To the extent that savings replaces unsubsidized loans, taking a 529 plan distribution earlier can reduce the amount of interest that accrues on the unsubsidized loan and is capitalized over the in-school and grace periods. Note that 529 plan distributions should not be used to replace subsidized loans, since the federal government pays the interest on subsidized loans during the in-school and grace periods. For example, suppose a student takes a $5,000 Direct Unsubsidized Loan in two installments as a college freshman. Assuming a 6% interest rate, this loan will accumulate $1,275 in interest by the time the loan enters repayment. That compares with the $375 in interest that will accumulate on a $5,000 Direct Unsubsidized Loan borrowed as a college senior. With the added impact on compound interest during a 10-year repayment term, the timing of the loan adds nearly $1,200 in interest over the life of the loan.
The Direct Unsubsidized Loan is subject to annual loan limits. If the student decides to not borrow unsubsidized loans during one year, the student cannot borrow that money during a subsequent year. So, if spending all of the 529 plan assets during the freshman year will leave the student with insufficient borrowing capacity in a subsequent year, the student may wish to reduce the 529 plan distributions during his or her freshman year in order to borrow more that year, as needed. For example, suppose the college’s net price is $10,000 during the freshman year, $11,000 during the sophomore year, $12,000 during the junior year and $14,000 during the senior year. Annual loan limits for the Direct Unsubsidized Loan are $5,500, $6,500, $7,500 and $7,500, respectively. If the student spends the $20,000 in 529 plan assets during the freshman and sophomore years, he will have a shortfall of $4,500 during the junior year and $6,500 during the senior year after borrowing to the limit. If the student takes distributions of $4,500 during the freshman, sophomore and junior years and $6,500 during the senior year, the annual loan limits can cover the gap.

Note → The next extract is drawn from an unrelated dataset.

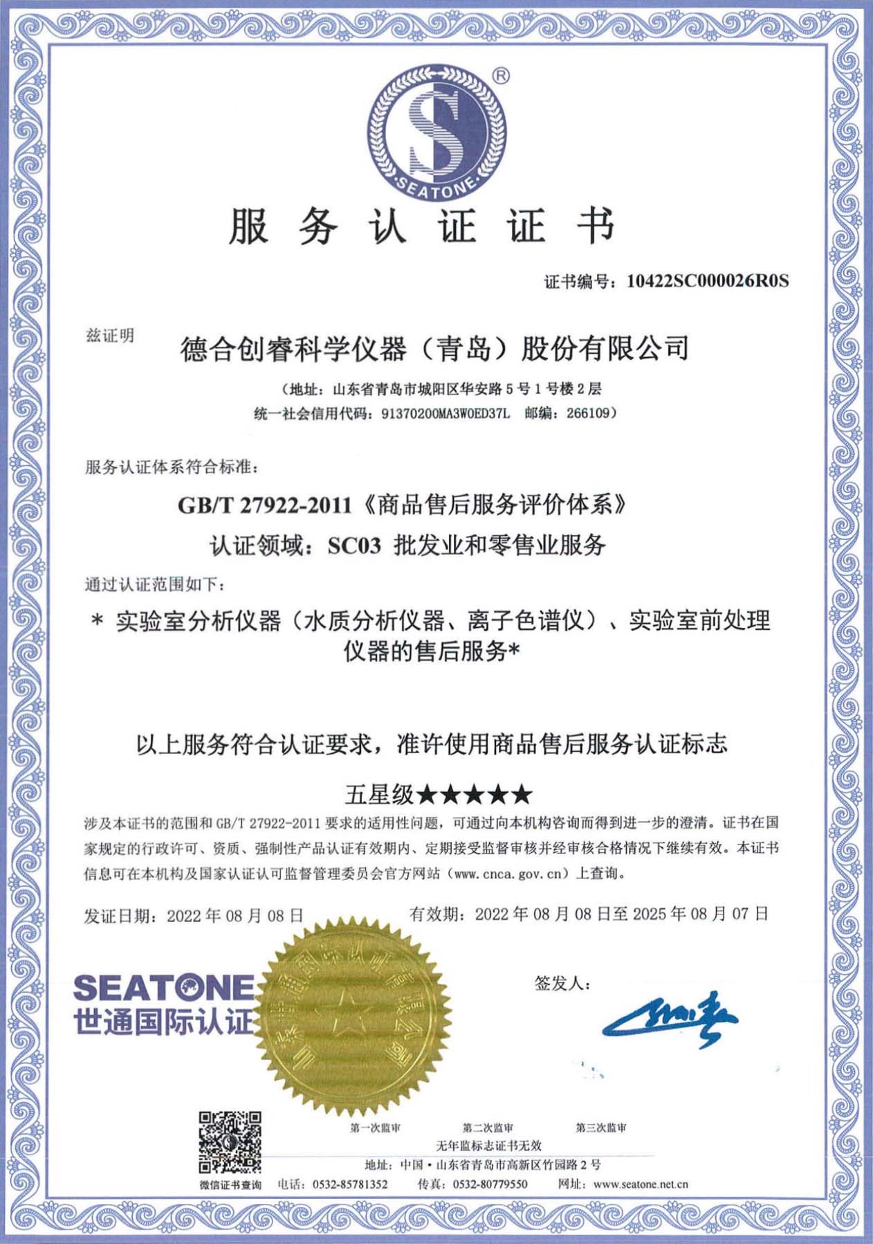 8月10日,德合創睿憑借完善的服務體系、優秀的服務質量,一次性高分通過GB/T 27922-2011《商品售后服務評價體系》的認證審核,喜獲“五星級售后服務”認證證書。認證專家對德合創睿的服務體系建設給予了高度評價和贊賞!

Money in a 529 plan that is owned by a dependent student or the dependent student’s custodial parent will be treated as a parent asset on the FAFSA (Free Application for Federal Student Aid). This can reduce eligibility for need-based aid by as much as 5.64% of the asset value. So, spending down the 529 plan assets to zero as quickly as possible can increase the student’s eligibility for need-based aid by preventing the 529 plan assets from reducing aid eligibility in subsequent years. (This is in contrast with a grandparent-owned 529 plan, where the asset value does not affect eligibility for need-based aid, but rather only distributions are counted against need-based aid eligibility in a subsequent academic year. In such a circumstance the grandparents may wish to wait until the senior year in college to take a distribution, when there is no subsequent year’s FAFSA to be affected by the distribution.)
Note that contributions to a 529 plan can continue during the college years, potentially qualifying for a state income tax deduction or credit based on contributions to the state’s 529 plan. If the income tax benefit is based just on the contributions during the tax year, the taxpayer can claim the state income tax deduction or credit every year. If the income tax benefit is based on contributions net of distributions, however, the taxpayer can claim the state income tax deduction or credit every other year.